--- To do ---
Your answer is the line containing "6. 某校举办了国学知识竞赛" plus every line after it through the end of the records, printed exactly and free of pictures.
[Opening Stored data section]
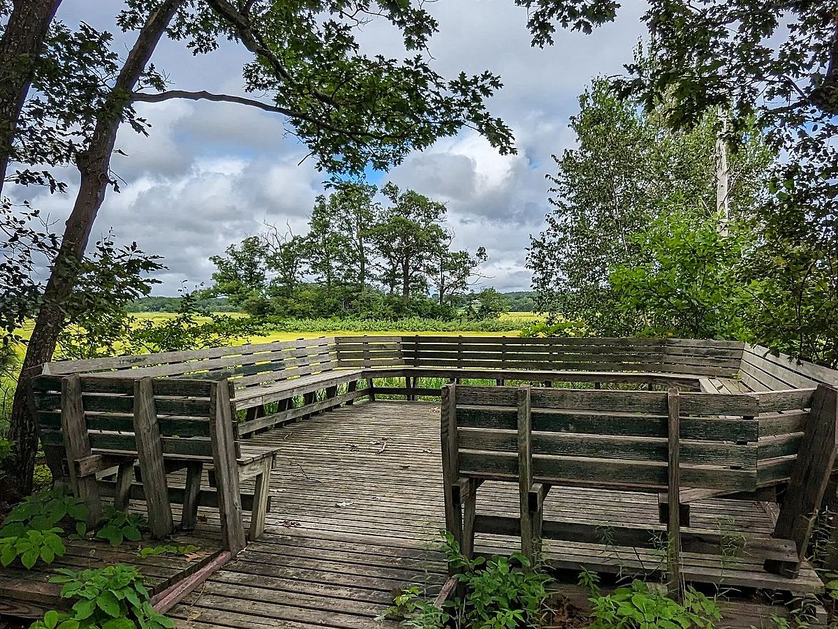 A short trail that passes through a field along the edge of a woodland and offers a view into the salt marsh.
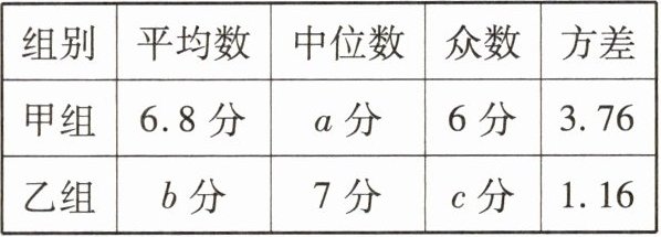 6. 某校举办了国学知识竞赛,满分10分,学生得分均为整数。在初赛中,甲、乙两组(每组10人)学生的成绩(单位:分)如下:
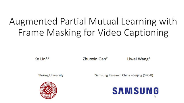 Recent video captioning work improves greatly due to the invention of various elaborate model architectures. If multiple captioning models are combined into a unified framework not only by simple more ensemble, and each model can benefit from each other, the final captioning might be boosted further. Jointly training of multiple model have not been explored in previous works. In this paper, we propose a novel Augmented Partial Mutual Learning (APML) training method where multiple decoders are trained jointly with mimicry losses between different decoders and different input variations. Another problem of training captioning model is the "one-to-many" mapping problem which means that one identical video input is mapped to multiple caption annotations. To address this problem, we propose an annotation-wise frame masking approach to convert the "one-to-many" mapping to "one-to-one" mapping. The experiments performed on MSR-VTT and MSVD datasets demonstrate our proposed algorithm achieves the state-of-the-art performance.
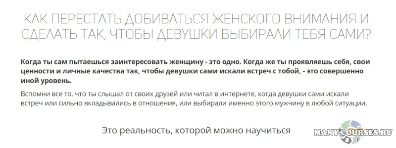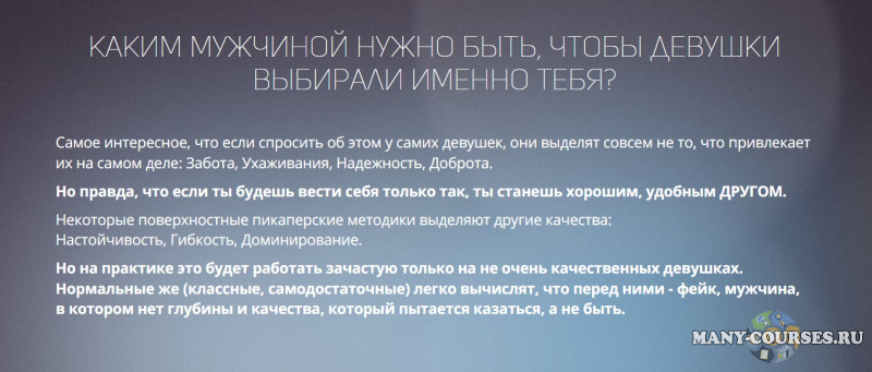 На предстоящем курсе на трех семинарах мы подробно разберем то, КАКИМИ качествами должен обладать мужчина и КАК правильно проявлять их в общении
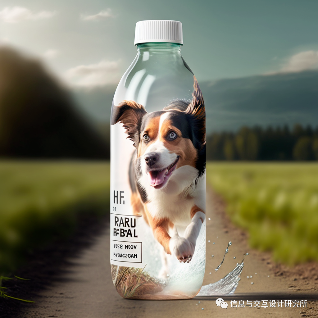 奔跑的狗狗进入标签(a pet bottle packaging with a running dog on its label)。
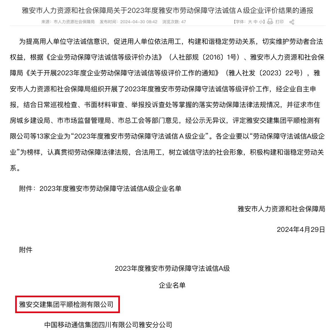 近日,雅安市人社局發(fā)布通報,雅安交建集團(tuán)平順公司被評定為“2023年度雅安市勞動保障守法誠信A級企業(yè)”。此次評選由人社局結(jié)合日常巡視檢查、書面材料審查、舉報投訴查處以及專項檢查等活動掌握的落實勞動保障法律法規(guī)情況,并征求市場監(jiān)管局等部門和單位意見后,綜合評定而出。
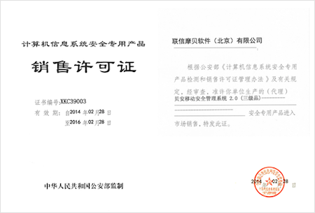 Exciting news again. As the leading mobile security product and service supplier, independent research and development of BestEMM developed by Trustmobi gained Sales Permit of the Computer Information System Safety Special Product awarded by Ministry of Public Security, which marks the domestic independent research and development of mobile security software products make another outstanding achievements.
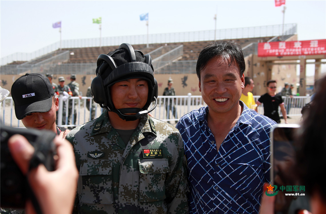 比赛结束后,观众与中方参赛官兵合影。袁凯 摄
[Closing Stored data section]
--- Answer section ---
 6. 某校举办了国学知识竞赛,满分10分,学生得分均为整数。在初赛中,甲、乙两组(每组10人)学生的成绩(单位:分)如下:
 Recent video captioning work improves greatly due to the invention of various elaborate model architectures. If multiple captioning models are combined into a unified framework not only by simple more ensemble, and each model can benefit from each other, the final captioning might be boosted further. Jointly training of multiple model have not been explored in previous works. In this paper, we propose a novel Augmented Partial Mutual Learning (APML) training method where multiple decoders are trained jointly with mimicry losses between different decoders and different input variations. Another problem of training captioning model is the "one-to-many" mapping problem which means that one identical video input is mapped to multiple caption annotations. To address this problem, we propose an annotation-wise frame masking approach to convert the "one-to-many" mapping to "one-to-one" mapping. The experiments performed on MSR-VTT and MSVD datasets demonstrate our proposed algorithm achieves the state-of-the-art performance.
 На предстоящем курсе на трех семинарах мы подробно разберем то, КАКИМИ качествами должен обладать мужчина и КАК правильно проявлять их в общении
 奔跑的狗狗进入标签(a pet bottle packaging with a running dog on its label)。
 近日,雅安市人社局發(fā)布通報,雅安交建集團(tuán)平順公司被評定為“2023年度雅安市勞動保障守法誠信A級企業(yè)”。此次評選由人社局結(jié)合日常巡視檢查、書面材料審查、舉報投訴查處以及專項檢查等活動掌握的落實勞動保障法律法規(guī)情況,并征求市場監(jiān)管局等部門和單位意見后,綜合評定而出。
 Exciting news again. As the leading mobile security product and service supplier, independent research and development of BestEMM developed by Trustmobi gained Sales Permit of the Computer Information System Safety Special Product awarded by Ministry of Public Security, which marks the domestic independent research and development of mobile security software products make another outstanding achievements.
 比赛结束后,观众与中方参赛官兵合影。袁凯 摄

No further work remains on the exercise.